Oral infections, especially in immunocompromised patients, represent a growing therapeutic challenge due to antimicrobial resistance and the limited availability of effective topical alternatives. This study aimed to develop and characterize bioactive chitosan (CH)-based films incorporated with copaiba oleoresin (COR) to contribute to the treatment of oral diseases.

Polymeric films containing CH incorporated with different COR concentrations (0.5%, 1%, and 3.5%) were formulated and characterized using Raman and FT-IR spectroscopy. Moisture, swelling, and solubility were evaluated. Cytotoxicity was tested in J774A.1 cells (MTT assay). COR was previously analyzed by GC-MS and subsequently tested for Minimum Inhibitory Concentration (MIC) and Minimum Microbicidal Concentration (MMC) against 17 pathogens of oral relevance. The CH–COR combination was evaluated by the checkerboard method (Fractional Inhibitory Concentration Index, FICI) and biofilm inhibition assay.
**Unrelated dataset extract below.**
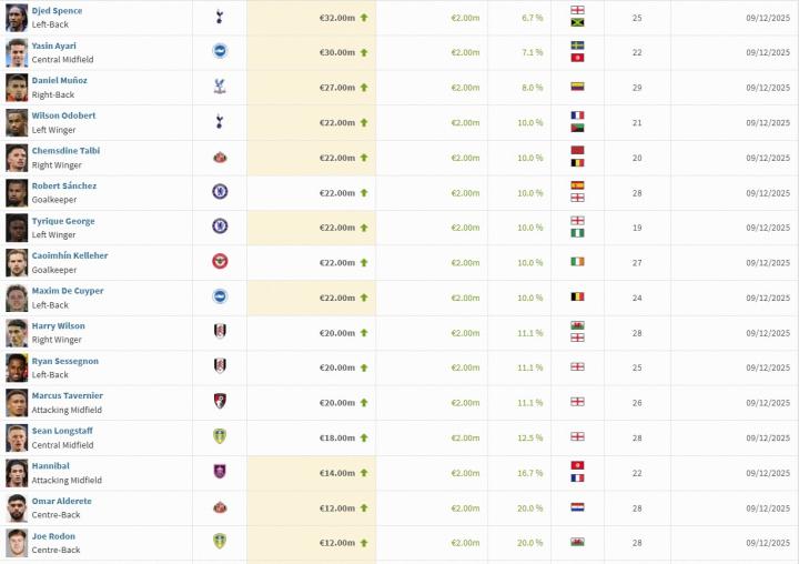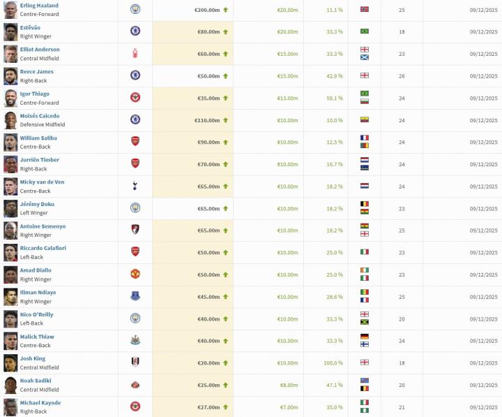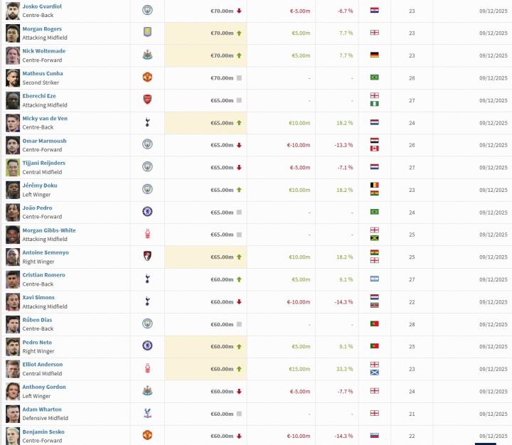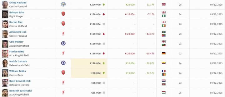 哈兰德涨至2亿欧继续位居首位。萨卡下跌1000万欧降至1.3亿欧。赖斯、帕尔默身价仍为1.2亿排名第三。伊萨克身价下跌2000万,身价同为1.2亿。维尔茨身价下跌2000万欧,身价达1.1亿欧。凯赛多身价身价上升1000万,同为1.1亿欧。麦卡利斯特身价下跌1500万欧,跌破1亿来到8500万欧元。

Spectroscopic analysis confirmed the presence of bioactive compounds with known antimicrobial properties, such as β-caryophyllene and diterpenic acids. COR exhibited MIC values between 26.04–46.87 µg/mL, and CH between 0.1–0.8 mg/mL. The combination demonstrated a synergistic effect against Streptococcus oralis(ATCC 10557) and an additive effect against other strains tested, with bactericidal action and satisfactory inhibition of biofilm formation, with values close to azithromycin control. The films presented moisture content ranging from 15.24% to 20.23%, with lower humidity at higher COR concentrations. Swelling was higher during the first hours, suggesting an ideal dressing replacement around 10 hours. Solubility ranged from 94.1% to 96.5%, which may compromise sustained release. The cytotoxicity of the films was inconclusive due to physical interference in the assay; however, isolated COR was safe and promoted cell growth, and CH demonstrated biocompatibility.

CH–COR films exhibited promising physicochemical properties, good initial absorption, high solubility, and antimicrobial potential due to the active compounds incorporated into the matrix. The combination showed synergism against oral pathogens and effective biofilm inhibition, making it a promising candidate for managing oral infections. Further studies are needed to optimize evaluation methods and ensure clinical safety and efficacy.